Мутагены (факторы, вызывающие мутацию) по своему происхождению делятся на эндогенные, образующиеся в процессе жизнедеятельности организма и экзогенные, внешние.

По природе мутагены делятся на физические, химические и биологические.

Один из основных физических мутагенов известен всем — это ионизирующее излучение (радиация). Вспомните из курса физики, что радиоактивностью называют самопроизвольное превращение ядер одних атомов в ядра других атомов, сопровождающееся испусканием ионизирующих излучений. Излучение называют «ионизирующим», поскольку при взаимодействии с веществом оно способно прямо или косвенно создавать в нем заряженные атомы и молекулы (ионы). К ионизирующим излучениям относятся рентгеновские лучи, радио— и гамма-лучи, альфа-лучи, бета-лучи, потоки нейтронов и других ядерных частиц. С 20-х годов ХХ века генетики начали применять рентгеновские лучи для получения индуцированных мутаций.

При воздействии на организм ионизирующих излучений, его клетки (в том числе и молекулы ДНК) поглощают определенное количество энергии. Вспомните из курса химии, к чему приводит энергия? К разрыву связей между атомами в молекулах! Чтобы разрушить связь между двумя атомами нужна энергия. Связи образуются с выделением энергии, а разрываются с ее поглощением. Энергия ионизирующего облучения приводит к разрывам водородных связей в двойной спирали молекулы ДНК и к разрывам цепей ДНК. После того, как разорваны старые связи, образуются новые — вот вам и мутации. Частота возникновения мутаций прямо пропорциональна дозе облучения. Чем выше доза, тем больше происходит мутаций.

ОБРАТИТЕ ВНИМАНИЕ! Чем выше доза, тем, больше мутаций. Речь идет о дозе, а не о интенсивности излучения! Воздействие на организм низкого уровня радиации в течение длительного периода вызовет столько же мутаций, что и действие высокого уровня в течение короткого периода времени. Т.е. не существует пороговых доз действия ионизирующего облучения, ниже которых его можно считать безвредным

Кроме прямого повреждающего действия на молекулы ДНК, ионизирующее облучение оказывает еще и косвенное, за счет разложения содержащейся в клетках воды. Разложение воды приводит к образованию свободных радикалов водорода (H⁺) и гидроксила (OH^-). Радикалы эти очень активны. Едва образовавшись они тут же взаимодействуют друг с другом, образуя либо воду (Н₂O), либо перекись водорода (Н₂O₂). Перекись водорода химически весьма активна, она стремится вступать в различные реакции с другими молекулами, в том числе и с молекулами ДНК, то есть по сути оказывает повреждающее действие на генетический материал.

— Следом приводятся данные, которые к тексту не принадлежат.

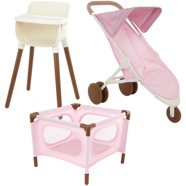 Комплект аксесоари за кукла, Battat, Lulla Baby, Количка, столче за хранене и кошара за игра, 3 части

Иначе действуют на ДНК ультрафиолетовые лучи, которые не обладают энергией ионизации, достаточной для разрыва связей в молекулах ДНК и разложения воды. Но этой энергии оказывается достаточно для того, чтобы перевести в энергетически неустойчивое состояние азотистые основания, входящие в состав ДНК и РНК. Это вызывает ошибки при репликации ДНК, т.е. вызывает мутации.

Механизм мутагенного действия химических соединений (оксиды серы и азота, перекись водорода, азотистая кислота, формальдегид, хлороформ и др.) обусловлен их способностью взаимодействовать с молекулами ДНК. В результате изменяется структура молекул ДНК или образуются комплексы «химический мутаген — ДНК». В обоих случаях при последующих репликациях ДНК будут возникать ошибки — мутации

Биологическими мутагенами являются многие вирусы и некоторые растения, такие как безвременник осенний. (Colchicum autumnale)

В безвременнике содержится вещество колхицин, получившее свое название от латинского названия безвременника — Colchicum autumnale. Колхицин блокирует расхождение удвоившихся хромосом во время деления клетки благодаря своей способности связываться с образующим микротрубочки белком тубулином.

Безвременник осенний (Colchicum autumnale)

Колхицин используется в растениеводстве для искусственного получения полиплоидов — организмов с множественным набором хромосом. Полиплоидные растения обычно более жизнеспособны и плодовиты, чем диплоиды с нормальным набором хромосом.